━━ INFORMATION GIVEN ━━

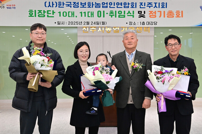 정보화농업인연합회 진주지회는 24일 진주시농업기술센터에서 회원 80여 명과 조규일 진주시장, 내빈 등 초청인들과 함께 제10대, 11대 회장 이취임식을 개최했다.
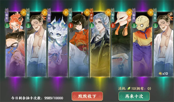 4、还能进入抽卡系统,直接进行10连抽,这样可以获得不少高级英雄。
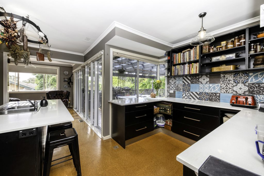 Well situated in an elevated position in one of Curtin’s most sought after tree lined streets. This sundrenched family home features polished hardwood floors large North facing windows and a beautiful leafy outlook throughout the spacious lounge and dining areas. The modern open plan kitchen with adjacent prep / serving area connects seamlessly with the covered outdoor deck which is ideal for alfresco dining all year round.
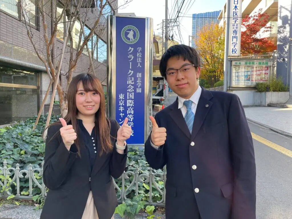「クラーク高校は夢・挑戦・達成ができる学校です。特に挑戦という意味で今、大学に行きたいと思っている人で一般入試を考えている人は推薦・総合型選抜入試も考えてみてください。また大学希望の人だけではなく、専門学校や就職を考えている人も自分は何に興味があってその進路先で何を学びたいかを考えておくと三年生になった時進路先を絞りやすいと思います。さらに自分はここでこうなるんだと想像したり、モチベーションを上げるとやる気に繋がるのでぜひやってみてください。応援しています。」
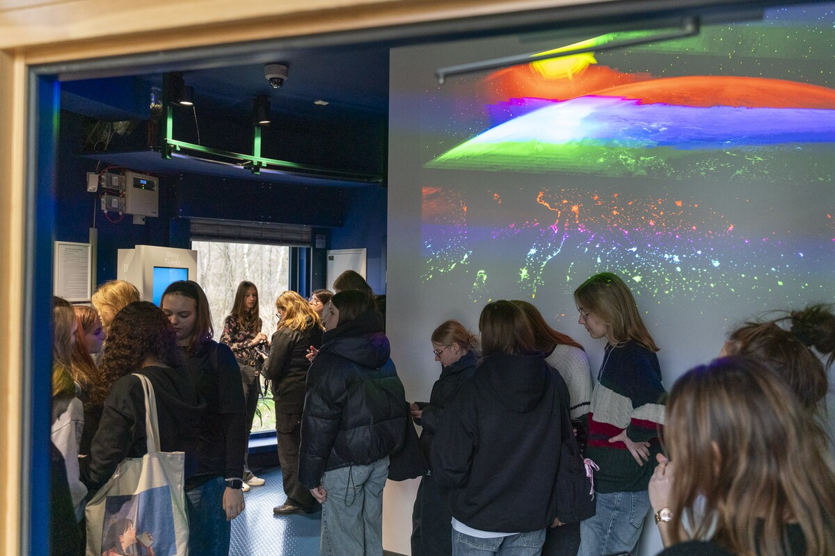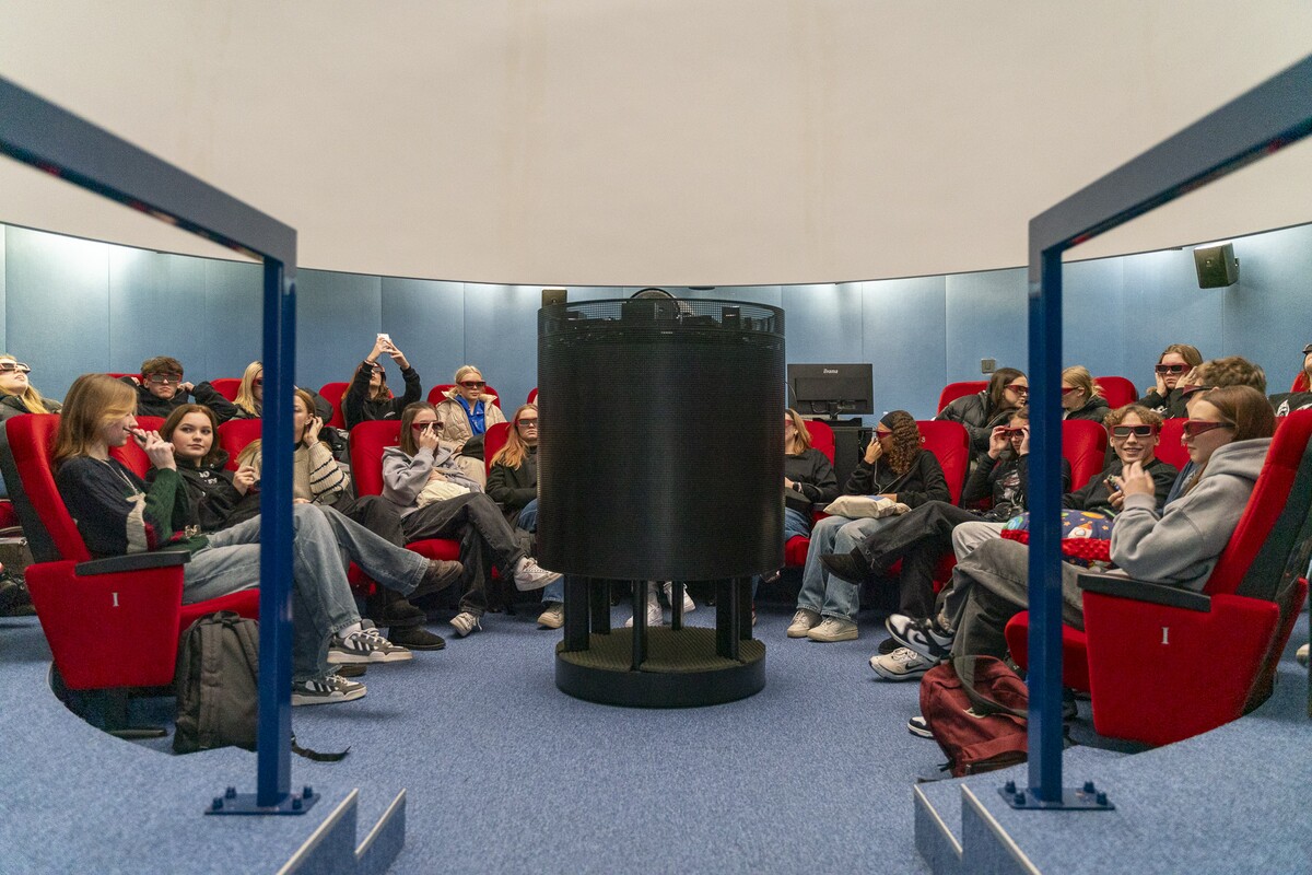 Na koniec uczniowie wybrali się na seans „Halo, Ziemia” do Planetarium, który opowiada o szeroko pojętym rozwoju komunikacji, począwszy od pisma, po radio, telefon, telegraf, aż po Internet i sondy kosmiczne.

━━━
━━ INFORMATION GIVEN ━━

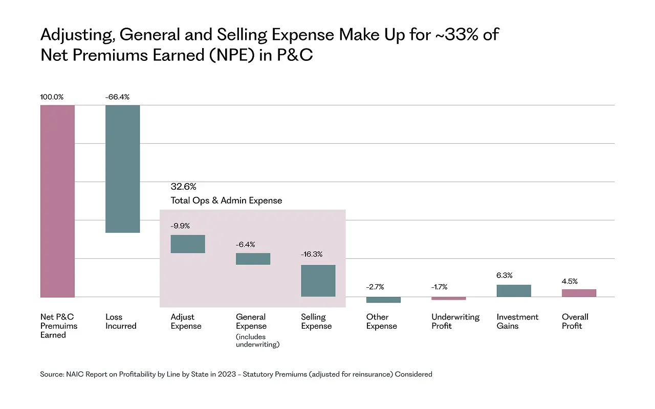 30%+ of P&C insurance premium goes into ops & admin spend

━━━
━━ INFORMATION GIVEN ━━

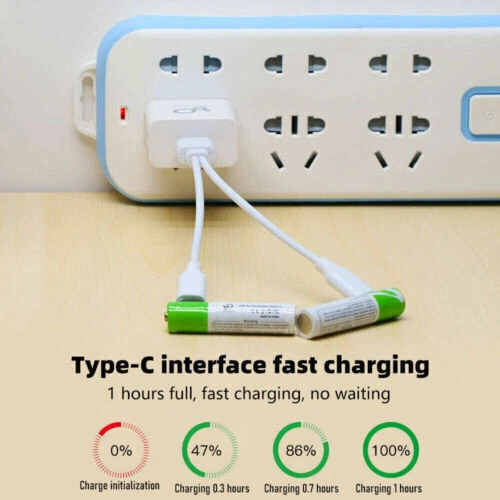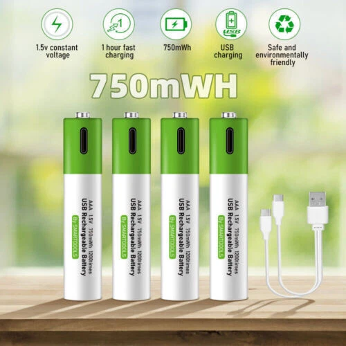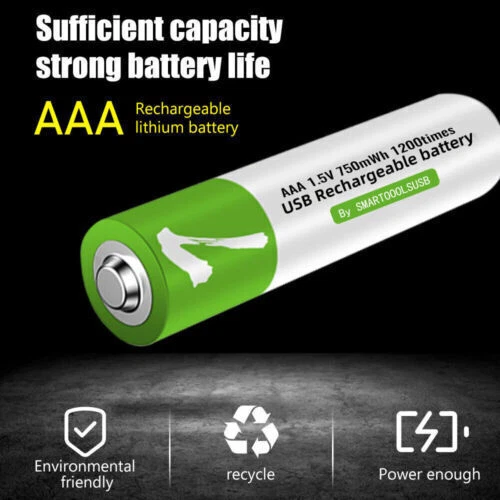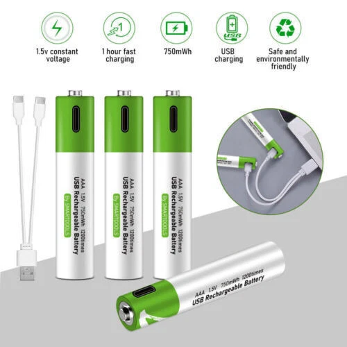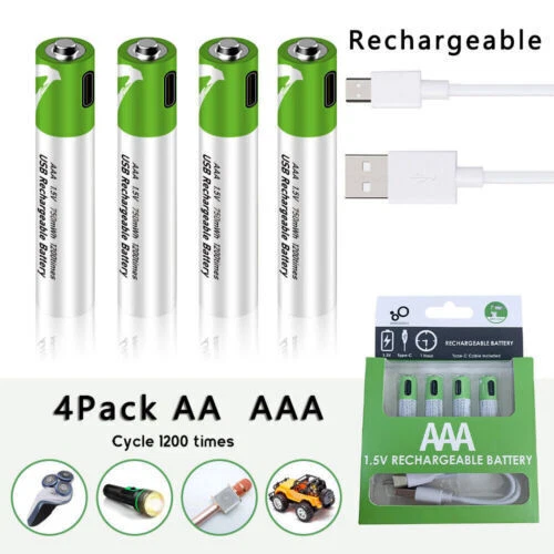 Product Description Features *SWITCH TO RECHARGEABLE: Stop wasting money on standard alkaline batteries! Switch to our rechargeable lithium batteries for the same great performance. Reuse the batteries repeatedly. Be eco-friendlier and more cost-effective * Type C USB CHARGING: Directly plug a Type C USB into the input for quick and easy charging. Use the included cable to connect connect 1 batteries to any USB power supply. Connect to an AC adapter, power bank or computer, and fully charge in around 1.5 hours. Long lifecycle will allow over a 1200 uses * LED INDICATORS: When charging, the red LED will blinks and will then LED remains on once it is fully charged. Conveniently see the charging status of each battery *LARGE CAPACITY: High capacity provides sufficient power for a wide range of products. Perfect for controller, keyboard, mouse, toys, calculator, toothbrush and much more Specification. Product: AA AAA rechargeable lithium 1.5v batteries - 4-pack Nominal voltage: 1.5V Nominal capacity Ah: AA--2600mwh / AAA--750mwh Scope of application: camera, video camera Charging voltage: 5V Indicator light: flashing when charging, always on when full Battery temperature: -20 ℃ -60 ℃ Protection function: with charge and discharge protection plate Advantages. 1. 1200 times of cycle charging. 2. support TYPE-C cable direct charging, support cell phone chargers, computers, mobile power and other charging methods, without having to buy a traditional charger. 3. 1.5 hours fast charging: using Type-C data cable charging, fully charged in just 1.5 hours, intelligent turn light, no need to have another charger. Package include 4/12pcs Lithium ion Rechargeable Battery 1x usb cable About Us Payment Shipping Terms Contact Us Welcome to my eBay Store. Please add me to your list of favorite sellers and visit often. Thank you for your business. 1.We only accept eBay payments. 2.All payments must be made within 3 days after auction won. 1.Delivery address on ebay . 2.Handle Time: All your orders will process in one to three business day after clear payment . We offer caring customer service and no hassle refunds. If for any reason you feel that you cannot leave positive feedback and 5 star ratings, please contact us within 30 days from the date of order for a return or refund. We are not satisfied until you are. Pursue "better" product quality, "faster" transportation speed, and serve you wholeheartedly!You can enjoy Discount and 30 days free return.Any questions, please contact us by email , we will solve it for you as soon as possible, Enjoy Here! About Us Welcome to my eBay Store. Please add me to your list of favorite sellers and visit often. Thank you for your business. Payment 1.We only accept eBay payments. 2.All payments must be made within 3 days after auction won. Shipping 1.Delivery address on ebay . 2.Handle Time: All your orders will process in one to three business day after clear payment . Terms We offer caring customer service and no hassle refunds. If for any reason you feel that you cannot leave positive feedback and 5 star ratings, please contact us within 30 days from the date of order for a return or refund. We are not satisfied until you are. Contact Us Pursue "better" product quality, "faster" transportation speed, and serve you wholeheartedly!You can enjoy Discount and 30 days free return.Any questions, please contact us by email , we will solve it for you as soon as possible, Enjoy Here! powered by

━━━

» **WHAT YOU ARE ASKED TO DO**
Starting at the line above that has "4、还能进入抽卡系统,直接进行10连抽,这样可以获得不少高级英雄。" and ending at the line that has "Na koniec uczniowie", copy each line exactly, leaving the pictures out and adding nothing.

» **EXERCISE RESULT**
 4、还能进入抽卡系统,直接进行10连抽,这样可以获得不少高级英雄。
 Well situated in an elevated position in one of Curtin’s most sought after tree lined streets. This sundrenched family home features polished hardwood floors large North facing windows and a beautiful leafy outlook throughout the spacious lounge and dining areas. The modern open plan kitchen with adjacent prep / serving area connects seamlessly with the covered outdoor deck which is ideal for alfresco dining all year round.
「クラーク高校は夢・挑戦・達成ができる学校です。特に挑戦という意味で今、大学に行きたいと思っている人で一般入試を考えている人は推薦・総合型選抜入試も考えてみてください。また大学希望の人だけではなく、専門学校や就職を考えている人も自分は何に興味があってその進路先で何を学びたいかを考えておくと三年生になった時進路先を絞りやすいと思います。さらに自分はここでこうなるんだと想像したり、モチベーションを上げるとやる気に繋がるのでぜひやってみてください。応援しています。」
 Na koniec uczniowie wybrali się na seans „Halo, Ziemia” do Planetarium, który opowiada o szeroko pojętym rozwoju komunikacji, począwszy od pisma, po radio, telefon, telegraf, aż po Internet i sondy kosmiczne.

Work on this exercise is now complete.